As the school year wound down, kids heard they’d be returned to their parents. 

But after Iguptak boarded a plane with her brother at the end of the school year, she didn’t recognize the land seen through the window. 

“I leaned over to my brother and told him, I think they took us to the wrong place.” 

On land, they were led into a strange house where Iguptak found her mother and father. 

“I went crazy because I was so happy to see them. I jumped on the bed and on the floor and all over the place.
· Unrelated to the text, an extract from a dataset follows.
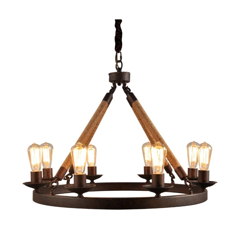 | Abbyson Living - Chandeliers - SHMD20628LRR - Fit for a medieval castle, this forged iron chandelier features rope accents and a rustic finish. Heavy duty chain suspends over your favorite dining table to illuminate your next feast. Uses eight 60 watt bulbs, not included. Finish: BrownMaterial: Iron Frame Banded by Jute RopeSetting: IndoorFixture finish: RusticNumber of lights: Eight (8)Requires Eight (8) 60-watt, E12 socket, type B bulbs (not included).Specifications:Overall Product Dimensions: 25 H x 19 W x 19 DProduct Weight: 17 lbs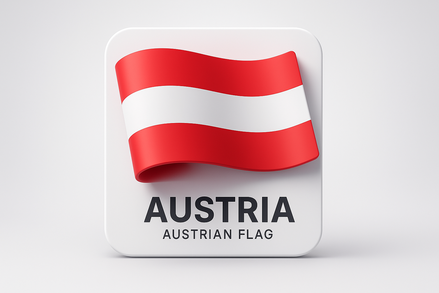A modern 3D icon depicting the Austrian flag, featuring bold colors and a wave effect. Ideal for travel, educational, or cultural applications.

I was the happiest, maybe, as I’ve ever been.” 

Officials had brought her to Rankin Inlet, where her parents had already been moved. 

In the early 1990s Iguptak, still in Rankin Inlet, picked up doll-making again. 

When asked what she thinks about while spending countless hours on the details of her dolls, Iguptak shrugged. 

“I’m just thinking I want to get whatever I’m doing done so that I can get on to the next thing. I have too many hobbies.” 

The next day, on Sept. 28, Iguptak decided not to go to the qiviut-spinning workshop. 

Instead she went to the jewelry-making workshop to learn a new hobby.